Twitter and ‘LIVE’ suicide threats

When I started Tweeting, I anticipated dialogue with all manner of service-users, professionals and carers concerning incidents where the police had become involved in mental health issues of all kinds.  I predicted that this engagement may be valuable, not just in terms of being able to explain police processes and law to people who wanted it, but in my continuing to understand from those who use the police service how we could do it better and to share knowledge and practice issues.

If I’m honest, what I did not predict was being contacted in relation to ‘LIVE’ suicide incidents by people on twitter who are concerned for others making specific or generalised threats of suicidal ideation on their timelines.  In hindsight, that was quite naive of me.  There have been five such examples in the nine months or so I have been on here that I’ve been brought into by concerned tweeters.

I’ll be honest – each one immediately fills me with a sense of dread: Twitter accounts are often anonymous, people are ‘looking at me’ (virtually) as the police officer to ‘do something’ and yet obviously, I’ve often got no more information than anyone else about where in the UK or the World the account owner may be.

One of the incidents a few months ago, involved someone in Australia, but more than that was not immediately clear and only only one of them has come in whilst I’ve been ‘at work’!  Another came in when I was up to my eyes at the time with my son’s U7 rugby team playing a series of matches at a kids’ rugby tournament – I could do little more than give two tweets of general advice to the person who alerted me.  Ironically, that person was then traced by the police to a location about 10 miles from where the kids were playing rugby.

Sometimes engagement of local services has come around as a result of me getting into a dialogue with the individual and eliciting enough information to make my own phone call to mental health or police services.  More often, it involves advising those who have raised the alarm – who actually are linked to that person on Twitter and have a level of engagement already established with them – to offer help and support.  In two cases, it involved a few hours of tweets or DMs to get the person to focus on something other than their suicidal thoughts and agree to disclose enough information to get the support to them.

This post attempts to briefly show the power of social media and online ‘communities’ in pointing out that in all five cases so far, it has been possible to establish sufficient information to contact appropriate health or police services to begin ‘safe and well’ processes.  Local professionals could then decide what necessary further action to take, once they achieved contact with the individual.

It is now entirely obvious that such cases would come to my attention given the subject issue I tweet and blog about – social media is yet another mechanism by which people secure networks of all kinds, for a variety of different reasons.  Why would crisis support in mental health crisis be excluded from the other kinds of help and support that social media offers to people may otherwise believe they are alone?

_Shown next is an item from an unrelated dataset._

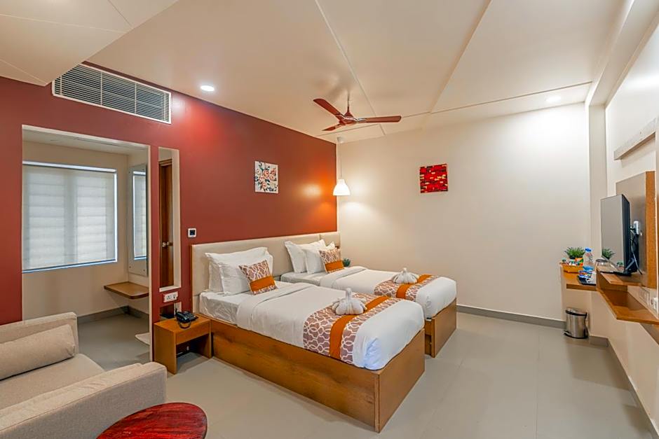 Hotel Akoya in HITECH City Hyderabad offers Deluxe, King, and Twin rooms. The rooms can accommodate 2 adults, and smoking is not allowed. Bed sizes range from Queen to King to Twin, and room sizes vary from 161 to 280 sqft.

This is why when I heard about the Sunday Times writing an article about tweeting police officers (in my force area, actually – Solihull) wasting their time on Twitter, I wanted to push back with examples from my own experience.  I don’t know whether those (para-)suicidal thoughts were expressions of serious intent, a cry for help or even (potentially) an attempt to gain attention or manipulate … in a sense it doesn’t matter one jot whether they were.  They created a condition in which we would all expect to see public services acting to ensure that those at risk were identified, found and that their safety was ensured – all the other considerations of motive and intent are secondary.

Eventually, if not already, one of these incidents will lead to the identification of someone whose life is at serious risk from their own mental health problems and where a response initiated via Twitter or other social media leads to them being saved from an attempt on their life.  We can then legitimately ask again whether some journalists still thinking policing and social media is a waste of time?

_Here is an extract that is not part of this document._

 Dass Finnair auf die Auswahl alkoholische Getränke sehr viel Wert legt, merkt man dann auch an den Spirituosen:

If it is, it’s a waste of my own time – this is not my job: it’s just something I do because it’s right.

______________________________________________________________________
The Mental Health Cop blog

Badgewon the ConnectedCOPS ‘Top Cop’ Award for leveraging social media in policing.
won the Digital Media Award from the UK’s leading mental health charity, Mind
– won a World of Mentalists #TWIMAward for the best in mental health blogs

ccawards2013 was highlighted by the Independent Commission on Policing & Mental Health
– was referenced in the UK Parliamentary debate on Policing & Mental Health
was commended by the Home Affairs Select Committee of the UK Parliament.

 

Advertisements

23 thoughts on “Twitter and ‘LIVE’ suicide threats

  1. The worrying aspect is also how involved twitter becomes in such timelines, witness yesterdays issues with the RT’s for a certain user who was tweeting their alleged live overdosing together with instructions on what to look for after their death and who to blame. The RT’s at a click of a button were spread without thought for how this might affect the person themselves but the conciousness of other vulnerable individuals who might see twitter as a stage for their own issues. You are right to fear the ‘go to’ label, another layer of responsibility by profession heaped upon the shoulders easily vilified if it doesn’t work out but hidden from praise if it does. In this age of blurred worlds, twitter users have in the main, yet to accept that social media is just that, and society in all it’s shades easily visible on their phone may not always be pretty.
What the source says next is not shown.